Distributed Randomized Control for Demand Dispatch
Ana Bu\v{s}i\'c, Sean Meyn

TL;DR
This paper introduces two novel randomized control design techniques for demand dispatch in power grids, focusing on local load intelligence and system passivity, with theoretical and numerical validation.
Contribution
It presents the Individual Perspective Design and System Perspective Design methods, both based on solving a single ODE, advancing control strategies for demand dispatch.
Findings
Both methods are computationally efficient.
Numerical results validate theoretical models.

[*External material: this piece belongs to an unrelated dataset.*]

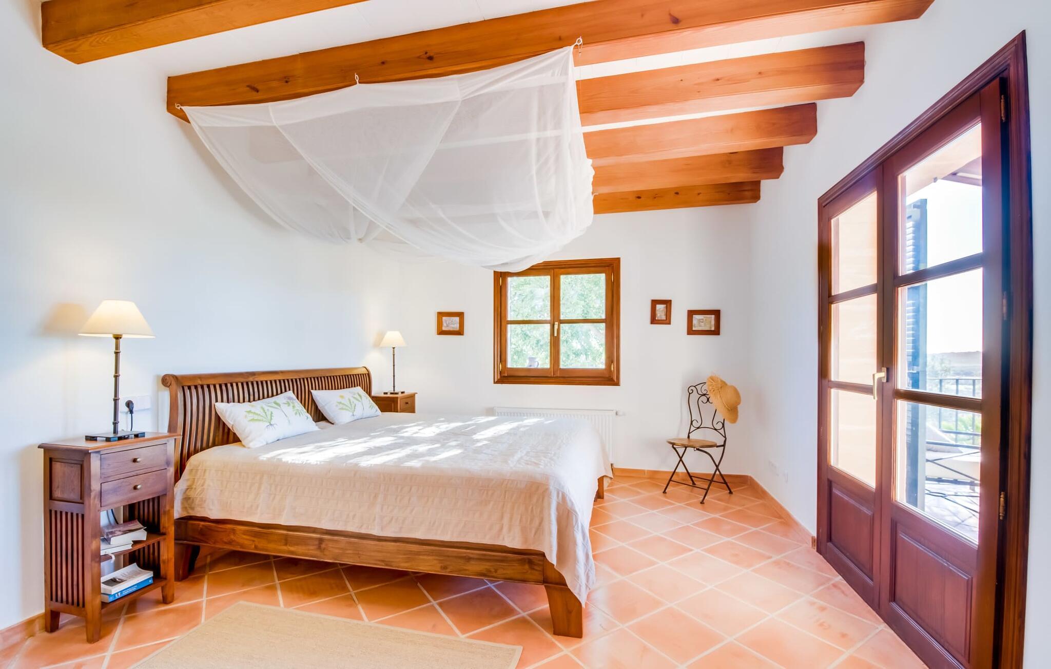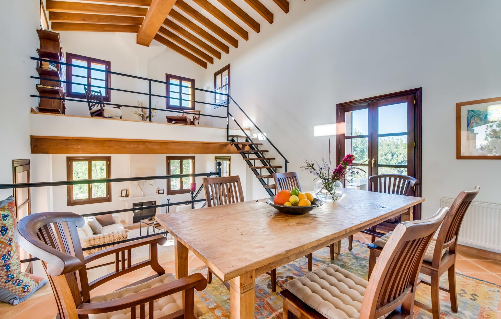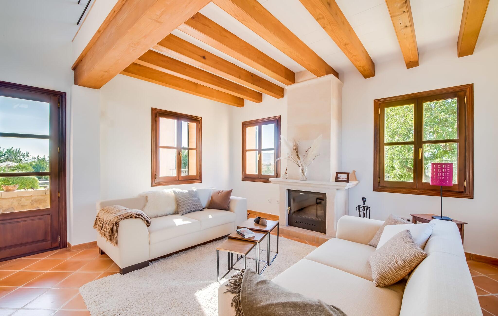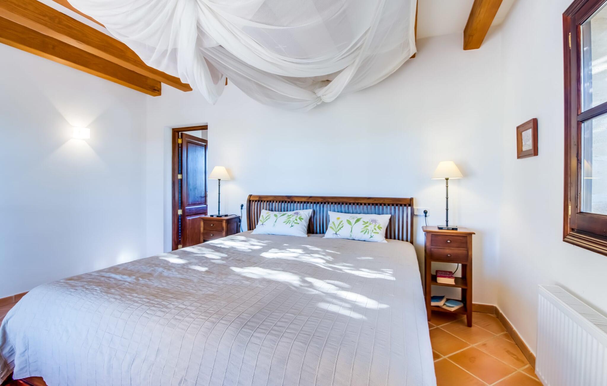 Indvendigt imponerer "Son Net" med sit stilfulde design og en indretning af høj kvalitet. Terrakottafliser, synlige træbjælker og lyse, luftige rum med kvalitetsmøbler sørger for et harmonisk aftryk. Fra spisepladsen er der direkte adgang op på en hems med det hyggelige bibliotek, som byder på en fantastisk udsigt over det omkringliggende område. Et par trin fører ned til stuen med komfortable sofaer og pejs. Det moderne, fuldt udstyrede køkken til selvforplejning råder også over et postevand-filtersystem. Et dobbeltværelse med eget badeværelse inkl. badekar er placeret i stueetagen, mens yderligere to dobbeltværelser med altaner, der deler et badeværelse, er placeret ovenpå. Begge badeværelser råder over bruseområder i gulvniveau. Alle senge er udstyret med topmadras for ekstra komfort.

Enhanced control of demand response in power systems.
Abstract
The paper concerns design of control systems for Demand Dispatch to obtain ancillary services to the power grid by harnessing inherent flexibility in many loads. The role of "local intelligence" at the load has been advocated in prior work, randomized local controllers that manifest this intelligence are convenient for loads with a finite number of states. The present work introduces two new design techniques for these randomized controllers: (i) The Individual Perspective Design (IPD) is based on the solution to a one-dimensional family of Markov Decision Processes, whose objective function is formulated from the point of view of a single load. The family of dynamic programming equation appears complex, but it is shown that it is obtained through the solution of a single ordinary differential equation. (ii) The System Perspective Design (SPD) is motivated by a single objective of…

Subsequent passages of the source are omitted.